Hm, I seem to have forgotten something- comment out the line starting out w/ server, and uncomment the line starting w/ "server-bridge ", replacing the numbers w/ the IP address of your server, the netmask, beginning IP address on your network to allocate to the VPN, and ending IP address on your network. Afterwards, bridge the fake network interface and the real one. Reboot if you have trouble (I did trying this on the laptop on the Windows side (stupid bridged connection wouldn't take an IP address)- worked afterwards)

[Stark]

Yeah I've done that... I'm not sure if the tap interface is working properly. Maybe I'll reinstall openvpn? I haven't tested it yet, so i'm not sure it won't work.

[Pu-239]

Can you post a config file?

EDIT: Hm, apparently there's a script to manipulate TAP adapters in the start menu- try deleting and adding.

[Stark]

Sha. I renamed the tap interface 'VPN' in network connections.

dev tap
dev-node VPN
;ifconfig 10.8.0.1 10.8.0.2
server-bridge 192.168.1.8 255.255.255.0 192.168.1.50 192.168.1.55
ca ca.crt
cert zen.crt
key zen.key
dh dh1024.pem

OpenVPN finds the interface fine, but then after the 10 second sleep it seems to lose it.

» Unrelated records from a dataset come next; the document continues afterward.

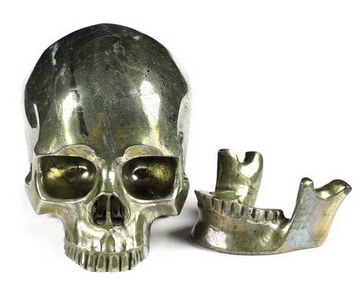 Lifesized 6.7" Pyrite Hand Carved Crystal Skull, Realistic, Crystal Healing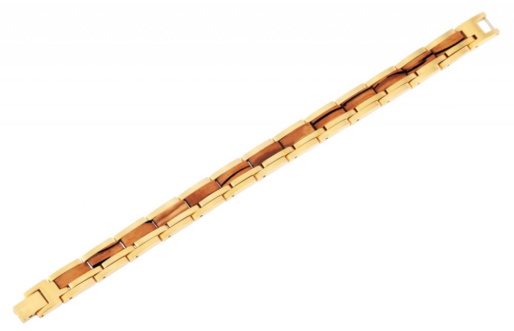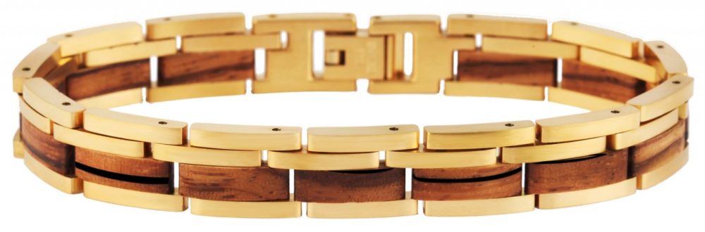 A pulseira de joias da marca Raptor é feita de aço inoxidável e madeira e é composta por 16 elementos conectados por alfinetes. A pulseira parece ter quatro fileiras devido ao tipo e disposição dos elementos. O destaque visual desta joia especial são os elementos de madeira de 4 mm de largura que foram incorporados na lateral da pulseira. Como os elementos estão conectados por pinos, é possível ajustar a pulseira a qualquer tamanho de pulso. A joia tem largura de 10 mm e espessura de material de 3 mm. O comprimento total da pulseira é de 21 cm. A combinação de aço inoxidável e madeira confere à pulseira de joias Raptor um visual muito especial.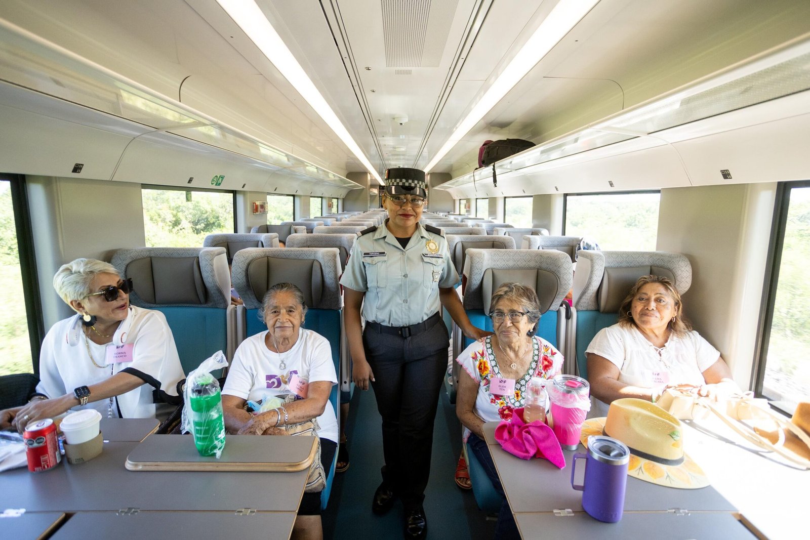 Umán, Yucatán, 2025.- Con entusiasmo y sonrisas, los integrantes del club del adulto mayor “Renacer con Bienestar” de Umán realizaron un viaje muy esperado: recorrer la ruta del Tren Maya hasta Izamal, una actividad organizada por el Ayuntamiento y el DIF municipal como parte de la estrategia de bienestar social durante el Mes del Adulto Mayor.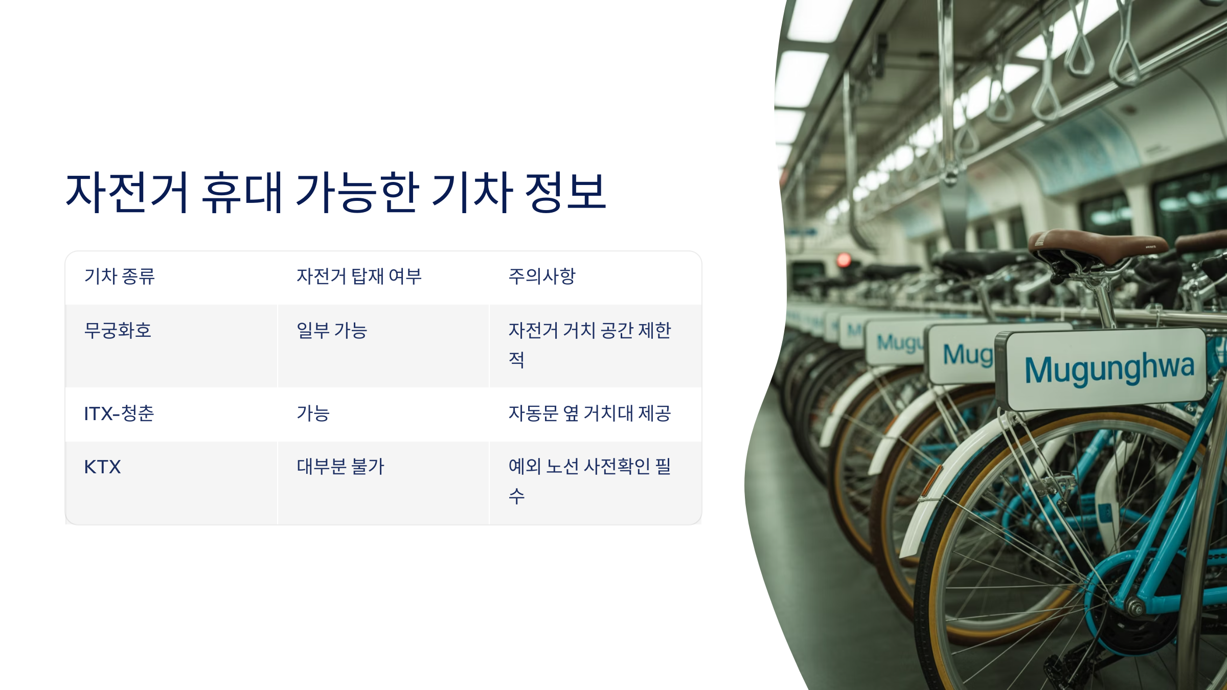 자전거를 타고 기차여행을 즐기기 위해선, 어떤 열차가 자전거 반입을 허용하는지 아는 게 정말 중요해요. 다행히도 국내에는 자전거 반입이 가능한 열차들이 꽤 많답니다. 🚴♀️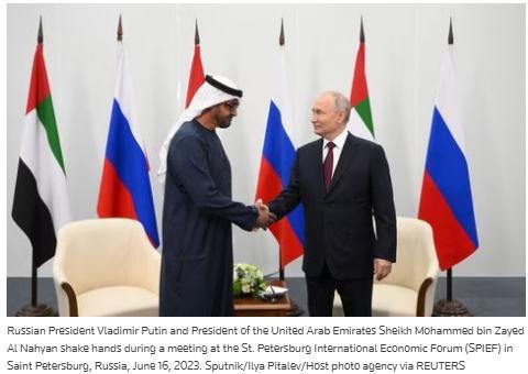 當(dāng)?shù)貢r(shí)間16日,阿聯(lián)酋總統(tǒng)穆罕默德·本·扎耶德·阿勒納哈揚(yáng)與俄羅斯總統(tǒng)普京在圣彼得堡國(guó)際經(jīng)濟(jì)論壇會(huì)晤。圖片來(lái)源:路透社報(bào)道截圖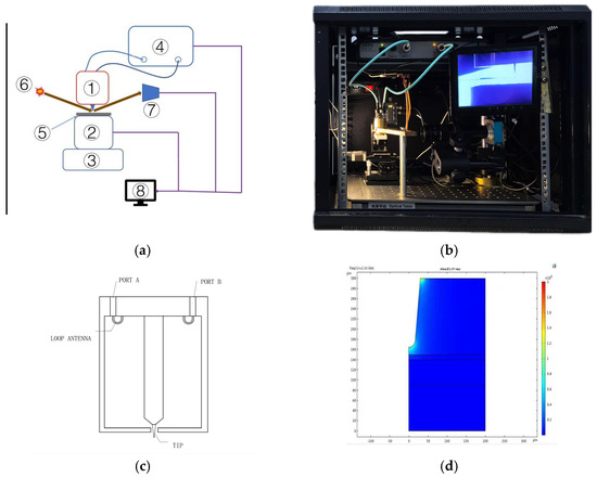 (a) NSMM schematic diagram. ① λ/4 coaxial resonant cavity with an extend probe, ② X−Y−Z motorized platform, ③anti−vibration base, ④ VNA, ⑤ the sample, ⑥ light source, ⑦ CCD camera, and ⑧ a laptop. (b) A real NSMM system. (c) NSMM probe. (d) The simulated field intensity distribution near the probe.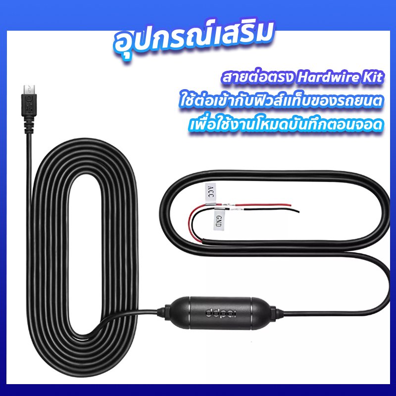 1. สายต่อตรง Hardwire Kit เป็นสายที่ถ้าใครต้องการใช้งานโหมดบันทึกตอนจอดของกล้องติดรถยนต์ DDpai MINI 5 จะต้องใช้สายนี้ รวมถึงคนที่ใช้รถยนต์เครื่องยุโรปเพราะว่ารถยนต์เครื่องยุโรปตอนที่ดับเครื่องยนต์ ไฟจากช่องจุดบุหรี่มันจะไม่ถูกตัดไปด้วยกล้องติดรถยนต์มันเลยยังทำงานอยู่ ถ้าไม่อยากให้กล้องติดรถยนต์ทำงานก็แนะนำให้ใช้สายต่อตรง Hardwire Kit ต่อเข้ากับฟิวแท็บช่องที่ตัดไฟอัตโนมัติหลังจากที่ดับเครื่องยนต์นั่นเองค่ะ

Sat Jan 21 10:24:49 2006 OpenVPN 2.0.5 Win32-MinGW [SSL] [LZO] built on Nov 2 2005
Sat Jan 21 10:24:49 2006 IMPORTANT: OpenVPN's default port number is now 1194, based on an official port number assignment by IANA. OpenVPN 2.0-beta16 and earlier used 5000 as the default port.
Sat Jan 21 10:24:49 2006 WARNING: --keepalive option is missing from server config
Sat Jan 21 10:24:49 2006 TAP-WIN32 device [VPN] opened: \\.\Global\{9B1B6FE1-A4DE-458A-AB2D-85FB89A5446D}.tap
Sat Jan 21 10:24:49 2006 Sleeping for 10 seconds...
Sat Jan 21 10:24:59 2006 NOTE: could not get adapter index for \DEVICE\TCPIP_{9B1B6FE1-A4DE-458A-AB2D-85FB89A5446D}, status=55 : The specified network resource or device is no longer available.
Sat Jan 21 10:24:59 2006 UDPv4 link local (bound): [undef]:1194
Sat Jan 21 10:24:59 2006 UDPv4 link remote: [undef]
Sat Jan 21 10:24:59 2006 Initialization Sequence Completed

[Pu-239]

Just comment that line out- it's only required if you have more than one TAP interface set up.

[Stark]

Uncommenting the dev-node line makes no difference: I initially added it to try and fix this problem. It's not listed as a warning, and OpenVPN still starts, so I'm not sure if it will work or not.

[Pu-239]

If you add it, I think it has to be the same name as what shows up in network connections, eg "Local Area Connection 2" - the keepalive warning seems interesting- I'll reboot back into Windows and take a look.